One way is to train data scientists in Scala and engineers in R and Python. This approach is common in smaller organizations where individuals wear many hats.
The pros of this approach are that coordination costs are minimal and flexibility is maximized. Engineers and data scientists jointly define and redefine the collaboration model on an as-needed basis for each data product. But engineers and data scientists with cross-trained skills are hard to find. This strategy also punishes high-performing engineers and data scientists who prefer to focus on their domain of expertise.
A second way is to have data scientists own the model prototyping phase and engineers own the model productionizing phase. This approach is common in larger organizations that can afford to hire for specialized roles such as machine learning engineers.
The pro of this approach is that this specialization can bring efficiency. Domain expertise and industry best practices have emerged around the ML engineering field. However, ownership questions arise as machine learning engineers need to interface with both front-end product engineers and data scientists to productionize a data product. Striking the right headcount balance among data scientists, machine learning engineers, and product engineers is another challenge.
A third way is to use data and SQL as the intermediary. In this approach, data is the lingua franca among data scientists and engineers. We’ve had good success with this approach in the past few years.

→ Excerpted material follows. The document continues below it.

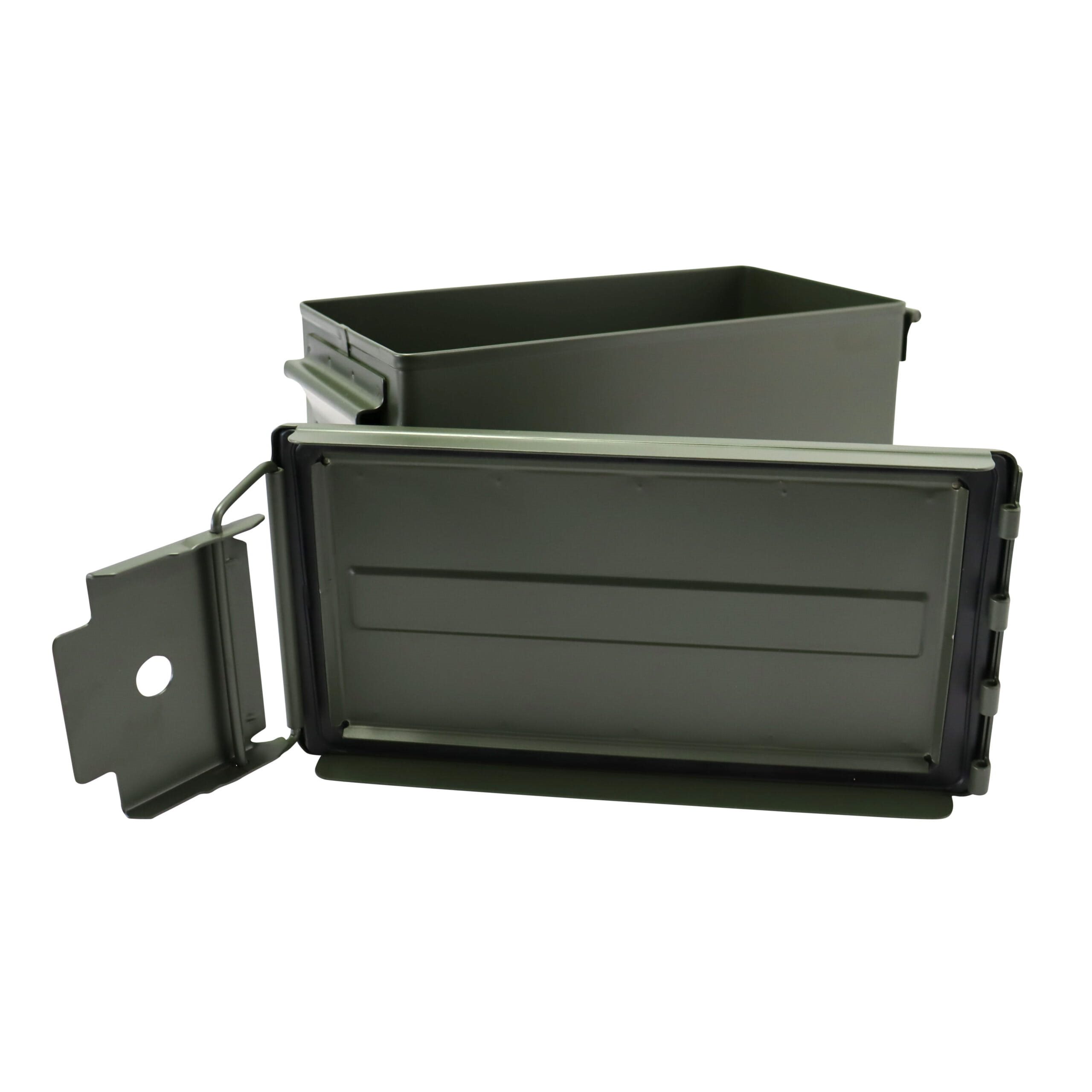 Munitionskiste aus Blech Typ US M2A1. Maße: 27x 18 x 14 cm. Weitere Informationen

A benefit of this approach is that SQL + data is a constrained interface that requires minimal training to operate. Data is dumb. It is easy to inspect, visualize, and debug data using SQL, and it is easy to collaborate without hidden states, assumptions, and nuances. Furthermore, this approach tightens the iteration loop, as data scientists can iterate on a model from end to end. We think this approach works for the majority of cases. But we recognize there are scenarios where data is not an ideal interface. The two main scenarios are when we need to encode stateful operations in data, and when precomputation of results is onerous. In practice, we’ve found these scenarios to be infrequent and not first-order concerns.
To use data and SQL as the universal language, we’ve had to build out and democratize our data warehouse, solve the problem of who writes ETLs (answer: everyone), and provide interfaces, libraries, and tools to make the data and SQL ubiquitous across the data science and engineering organizations.
An example of engineering and data science collaborating at the data boundary is our recommendations module infrastructure. It is a system that produces recommendations at various degrees of personalization. Recommendation modules range from fully personalized to the user (e.g., “Based on your recent activity”) to generic cold start recommendations to everything in between (e.g., “Because you viewed Machine Learning”).
Algorithms generating the recommendations range from matrix factorization to regression to rule-based queries. But data is an effective encapsulation — a combination of results, scores, and metadata is an effective internal API. It meets the characteristics of a good API: It’s easy for engineers to consume, easy for data scientists to produce, and sufficiently powerful for our use cases.
Using data and SQL as the universal language results in:
- Clear boundaries of focus between engineers as data consumers and data scientists as data producers
- An understandable and debuggable interface
- A common language between data scientists and engineers when collaborating on shared concerns
At Coursera, engineers and data scientists have built many data products. We’ve learned that building a data product is a team sport. As with any team, our goal is to be more than the sum of our parts through effective collaboration. This post has outlined three themes that worked well in our pursuit of this goal from an engineering perspective. Be on the lookout for a post from a data scientist’s perspective!